··· Task data ···
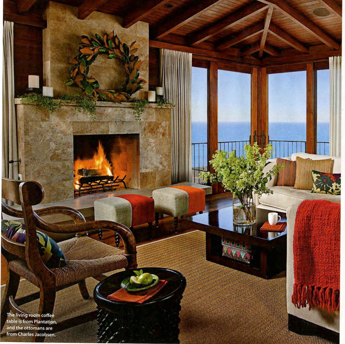
The living room coffee table is from Plantation, and the ottomans are from Charles Jacobsen.

A SoCal design duo creates an Indonesia-inspired refuge for a well-traveled Manhattan Beach family
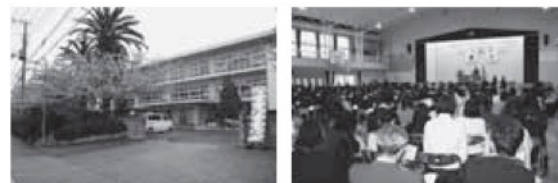
Tomiura Middle School
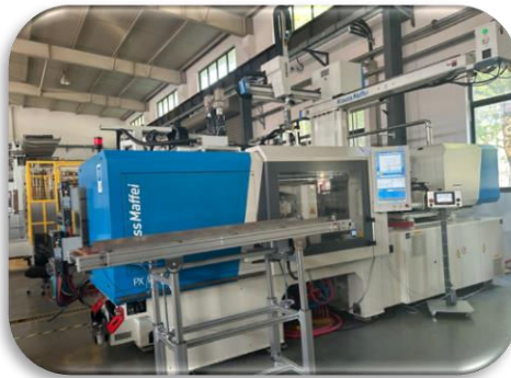
Roctool technology installed at ENRX Shanghai premises in China

As planned in their strategic agreement, Roctool and ENRX have completed the installation of the new demonstration center in China, with the aim of promoting the technology directly within the ENRX factory in Shanghai. The demonstration center in the United States, at the ENRX factory in Detroit, is in the installation phase and will also be operational in the coming weeks. These two centers will be able to help accelerate the number of projects during the second half of 2024.
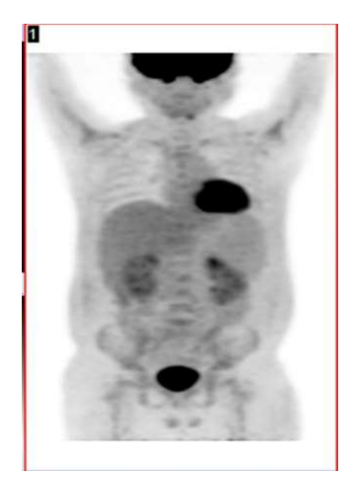
Figure 3.PET demonstrated enlarged kidneys with abnormal intense cortical FDG accumulation and intense patchy uptake in the bone marrow of multiple bones in axial and appendicular skeleton.
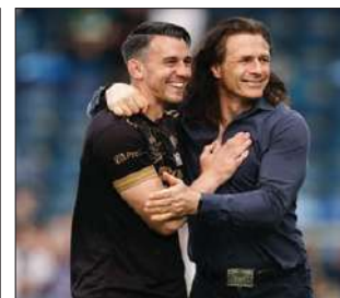
Bloomfield and Ainsworth (PA)

Wycombe are expected to sell out their allocation at the Kassam Stadium.
···
Retype the data exactly as it stands, but keep the images out of your copy.

- [Exercise answer]:
The living room coffee table is from Plantation, and the ottomans are from Charles Jacobsen.

A SoCal design duo creates an Indonesia-inspired refuge for a well-traveled Manhattan Beach family
Tomiura Middle School
Roctool technology installed at ENRX Shanghai premises in China

As planned in their strategic agreement, Roctool and ENRX have completed the installation of the new demonstration center in China, with the aim of promoting the technology directly within the ENRX factory in Shanghai. The demonstration center in the United States, at the ENRX factory in Detroit, is in the installation phase and will also be operational in the coming weeks. These two centers will be able to help accelerate the number of projects during the second half of 2024.
Figure 3.PET demonstrated enlarged kidneys with abnormal intense cortical FDG accumulation and intense patchy uptake in the bone marrow of multiple bones in axial and appendicular skeleton.
Bloomfield and Ainsworth (PA)

Wycombe are expected to sell out their allocation at the Kassam Stadium.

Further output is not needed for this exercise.